━━━━━ Dataset content

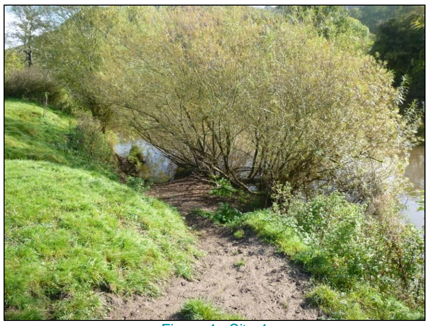
Figure 4 - Site 4

Sample date: 16/10/2014 Stictotarsus duodecimpunctatus Nebrioporus elegans Oulimnius tuberculatus
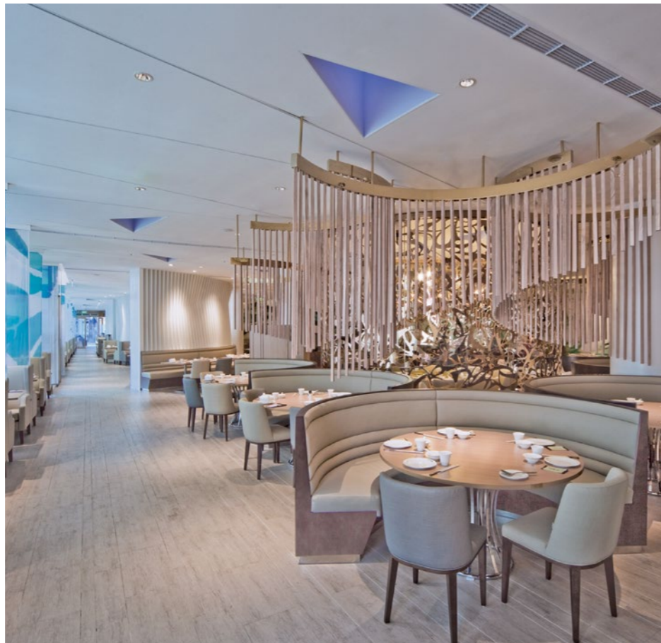
The open dining space with various seating configurations

In order to offset the white ceiling and walls, the firm utilised beige-toned dining chairs and timber flooring to give warmth to the environment. The ceiling also features numerous triangular skylights in different orientations and sizes, to bring in extra natural light during day-time and help generate a comfortable dining experience.
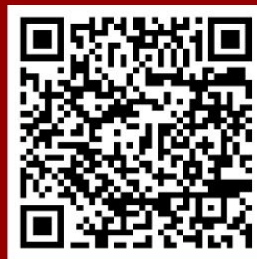
Winners Campus Fellowship
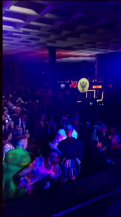
BALLROOM CATEGORY OTA
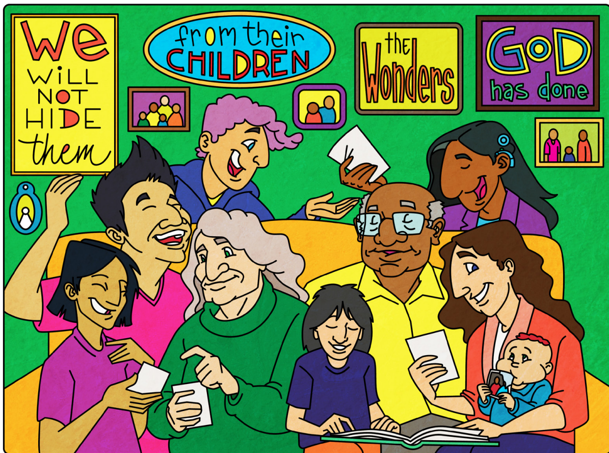
Psalm 78: 1-4 • illustratedministry.com

━━━━━━━━━━

■ **Task instructions**
Would you repeat exactly, and only, the lines from the start of the records above through the line containing "BALLROOM CATEGORY OTA", with the pictures omitted?

■ **Answer box**
Figure 4 - Site 4

Sample date: 16/10/2014 Stictotarsus duodecimpunctatus Nebrioporus elegans Oulimnius tuberculatus
The open dining space with various seating configurations

In order to offset the white ceiling and walls, the firm utilised beige-toned dining chairs and timber flooring to give warmth to the environment. The ceiling also features numerous triangular skylights in different orientations and sizes, to bring in extra natural light during day-time and help generate a comfortable dining experience.
Winners Campus Fellowship
BALLROOM CATEGORY OTA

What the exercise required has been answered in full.